The manager can edit the default list of features if necessary.
[0049] FIG. 2 is a flow chart showing the operation of the feature
value extraction unit 106. The feature value extraction unit 106,
instep ST21, retrieves each of the plurality of structured
documents stored in the sampled structured document database 103
one by one, in step ST22, further extracts (or selects) each of the
plurality of features stored in the structured document feature
information database 104, in step ST23, acquires the value of each
of the plurality of features extracted in step ST22 for each
structured document retrieved, and, in step ST24, stores the value
in a corresponding item of the feature value and teacher data
database 108, which is provided for each of the plurality of
structured documents retrieved from the sampled structured document
database 103. The feature value extraction unit 106 then, in step
ST25, checks whether it has acquired the value of each of all the
features included in the list stored in the structured document
feature information database 104, and, if there is still one or
more features whose values have not been acquired yet, returns to
step ST22 in which the feature value extraction unit 106 extracts
one of remaining features whose values have not been acquired yet
and acquires its value. On the other hand, the feature value
extraction unit 106, in step ST26, determines whether it has
completed the acquisition of feature values, i.e., explanation
variable values for all the structured documents stored in the
sampled structured document database 103 when determined that the
acquisition of all the feature values for the structured document
selected in step ST21 is completed in step ST25. If there is still
one or more structured documents whose features values have not
been acquired yet, the feature value extraction unit 106 returns to
step ST21 in which it retrieves one of remaining structured
documents whose features values have not been acquired yet, and
then repeats the above-mentioned processes in steps ST22 to S25 for
this retrieved structured document. On the other hand, the feature
value extraction unit 106 ends the extraction process of extracting
feature values when determined that the acquisition of all the
feature values for all the structured documents stored in the
sampled structured document database 103 is completed in step
ST26.
[0050] The teacher data input unit 107 enables the teacher data
inputter to classify each of the plurality of structured documents
stored in the sampled structured document database 103 into one of
the plurality of predetermined types by displaying each structured
document on a display unit (not shown in the figure). In other
words, the teacher data inputter is allowed to determine the type
(type 1, type 2, or the like) of each of the plurality of
structured documents stored in the sampled structured document
database 103 by seeing each structured document displayed on a
display and to input teacher data which is the determination
result. The teacher data input unit 107 stores this input teacher
data in a corresponding item provided for each structured document
within the feature value and teacher data database 108.
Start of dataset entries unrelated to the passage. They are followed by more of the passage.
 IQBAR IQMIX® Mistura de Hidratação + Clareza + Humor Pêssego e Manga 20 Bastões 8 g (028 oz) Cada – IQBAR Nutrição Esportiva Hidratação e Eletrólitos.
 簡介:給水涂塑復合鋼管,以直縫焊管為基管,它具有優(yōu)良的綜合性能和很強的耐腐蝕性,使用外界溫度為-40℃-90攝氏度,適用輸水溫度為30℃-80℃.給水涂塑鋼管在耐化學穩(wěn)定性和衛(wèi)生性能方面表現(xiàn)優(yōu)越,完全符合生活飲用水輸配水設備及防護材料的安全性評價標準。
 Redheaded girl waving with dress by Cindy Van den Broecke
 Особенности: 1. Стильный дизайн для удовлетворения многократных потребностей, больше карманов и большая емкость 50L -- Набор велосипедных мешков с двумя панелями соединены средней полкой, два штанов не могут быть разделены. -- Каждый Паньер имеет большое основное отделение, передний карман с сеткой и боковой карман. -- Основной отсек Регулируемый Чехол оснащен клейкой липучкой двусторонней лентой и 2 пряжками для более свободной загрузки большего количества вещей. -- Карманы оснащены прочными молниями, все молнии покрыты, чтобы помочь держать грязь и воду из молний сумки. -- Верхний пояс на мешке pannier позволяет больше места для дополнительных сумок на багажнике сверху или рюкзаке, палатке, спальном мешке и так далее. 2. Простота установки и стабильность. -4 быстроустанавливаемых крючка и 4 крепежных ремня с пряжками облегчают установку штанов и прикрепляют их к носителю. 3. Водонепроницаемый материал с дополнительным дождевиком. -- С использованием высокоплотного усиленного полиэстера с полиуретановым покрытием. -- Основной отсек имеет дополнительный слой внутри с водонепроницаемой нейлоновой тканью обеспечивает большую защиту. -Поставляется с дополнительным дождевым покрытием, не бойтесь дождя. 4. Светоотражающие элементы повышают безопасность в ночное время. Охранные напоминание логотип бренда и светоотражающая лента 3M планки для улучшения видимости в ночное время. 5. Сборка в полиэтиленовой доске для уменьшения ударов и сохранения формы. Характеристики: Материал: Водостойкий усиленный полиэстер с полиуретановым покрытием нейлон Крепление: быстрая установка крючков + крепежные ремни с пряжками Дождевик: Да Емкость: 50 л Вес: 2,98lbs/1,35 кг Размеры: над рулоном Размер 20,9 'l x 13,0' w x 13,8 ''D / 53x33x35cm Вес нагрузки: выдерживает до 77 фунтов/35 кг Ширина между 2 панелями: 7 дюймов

[0051] FIG. 3 is a diagram showing an example of the feature value
and teacher data database 108. For the sake of simplicity, feature
values acquired by the feature value extraction unit 106 and
teacher data input by the teacher data input unit 107 are
separately illustrated. As shown in FIG. 3, for each of all
structured documents (structured documents numbered 1 through N)
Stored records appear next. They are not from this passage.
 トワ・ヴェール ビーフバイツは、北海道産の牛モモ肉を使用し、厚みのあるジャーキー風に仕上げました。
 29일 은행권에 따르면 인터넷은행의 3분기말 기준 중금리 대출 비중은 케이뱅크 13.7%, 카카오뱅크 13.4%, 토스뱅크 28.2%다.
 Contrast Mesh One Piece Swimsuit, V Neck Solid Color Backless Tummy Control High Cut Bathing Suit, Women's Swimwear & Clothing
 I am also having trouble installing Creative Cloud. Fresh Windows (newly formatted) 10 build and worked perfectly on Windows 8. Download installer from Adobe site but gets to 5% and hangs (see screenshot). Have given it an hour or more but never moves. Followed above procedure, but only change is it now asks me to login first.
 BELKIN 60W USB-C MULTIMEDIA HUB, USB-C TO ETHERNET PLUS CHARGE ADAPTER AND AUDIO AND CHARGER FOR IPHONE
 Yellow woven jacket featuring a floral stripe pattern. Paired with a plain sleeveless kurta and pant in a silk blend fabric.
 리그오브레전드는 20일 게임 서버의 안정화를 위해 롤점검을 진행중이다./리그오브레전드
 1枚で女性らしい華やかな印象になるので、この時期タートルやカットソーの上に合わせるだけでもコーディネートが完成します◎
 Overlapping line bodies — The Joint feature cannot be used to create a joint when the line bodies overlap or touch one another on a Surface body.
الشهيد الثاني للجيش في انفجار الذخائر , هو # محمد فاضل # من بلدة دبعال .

stored in the sampled structured document database 103, the feature
value and teacher data database 108 stores the values of all
features (features numbered 1 through M) listed in the list stored
in the structured document feature information database 104, and
teacher data which is the determination result input by the teacher
data inputter.
[0052] The structured document type determination system 100
creates the made-for-machine-learning feature value and teacher
data database 109 and the made-for-verification feature value and
teacher data database 110 by dividing the feature value and teacher
data database 108 into the two portions, as shown in FIG. 3. In
this case, the structured document type determination system 100
can divide the feature value and teacher data database 108 into two
equal portions or two portions which are almost equal in size. As
an alternative, the structured document type determination system
100 can extract a plurality of data sets from all the data sets
included in the feature value and teacher data database 108 at
random so as to create the made-for-machine-learning feature value
and teacher data database 109 and to create the
made-for-verification feature value and teacher data database 110
from the remaining data sets. Anyway, the structured document type
determination system 100 creates the made-for-machine-learning
feature value and teacher data database 109 and the
made-for-verification feature value and teacher data database 110
by dividing the feature value and teacher data database 108 by
using a specific method.
[0053] The determination rule creating unit 111 creates a
determination rule used for determining which one of the plurality
of predetermined types each structured document is classified into
based on the made-for-machine-learning feature value and teacher
data database 109, and stores the created determination rule in the
determination rule database 112. For example, the determination
rule creating unit 111 performs data mining on the
made-for-machine-learning feature value and teacher data database
109 by using a data mining tool using decision trees, such as a
commercially available data mining tool, which is a machine
learning technique, so as to create a determination rule as shown
in FIG. 4, and stores it in the determination rule database 112.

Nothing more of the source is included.